One term used in machine learning is "model free" which captures in an
extreme for the idea that there is a standard process that works across many
domains by automatically generalizing from training data.
But to answer the question: an algorithm that will not always generate the
same output when fed a given input is still an algorithm. There is a simple
term for this: a "nondeterministic algorithm." i.e. the output is not
determined by the input. The term has been around since 1967 and was
introduced by Robert Floyd.

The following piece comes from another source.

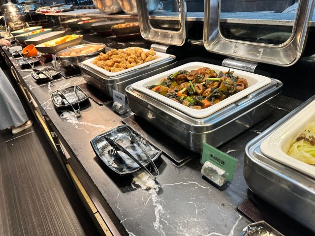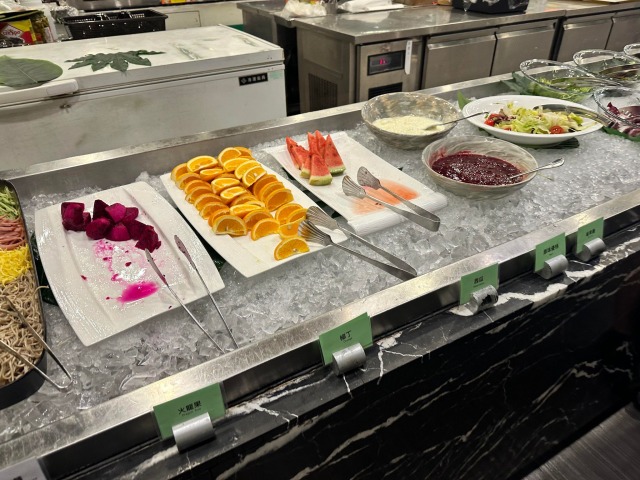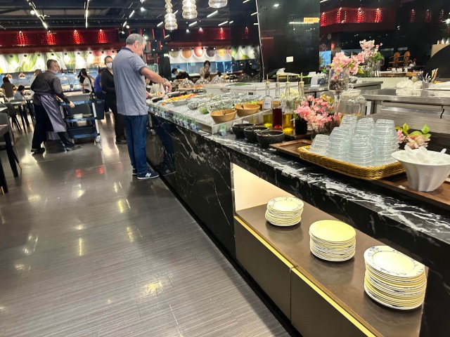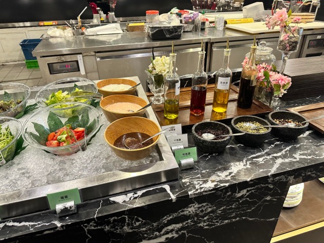 ヌードルやサラダが手前にあり、やっぱり日本のホテル朝食と比べたらだめだな...と思いましたが

See
https://en.wikipedia.org/wiki/Nondeterministic_algorithm.
Best wishes,
Tom
From: Subramanian, Ramesh Prof. <Ramesh.Subramanian at quinnipiac.edu>
Sent: Saturday, October 30, 2021 9:03 AM
To: thomas.haigh at gmail.com; 'sigcis' <members at sigcis.org>
Subject: Re: [SIGCIS-Members] What algorithms are and are not
Tom,
Thanks for that detailed comment on algorithms - what they are, and what
they are not, and conversely, what can be considered an algorithm, and what
cannot. Your explanations were very useful.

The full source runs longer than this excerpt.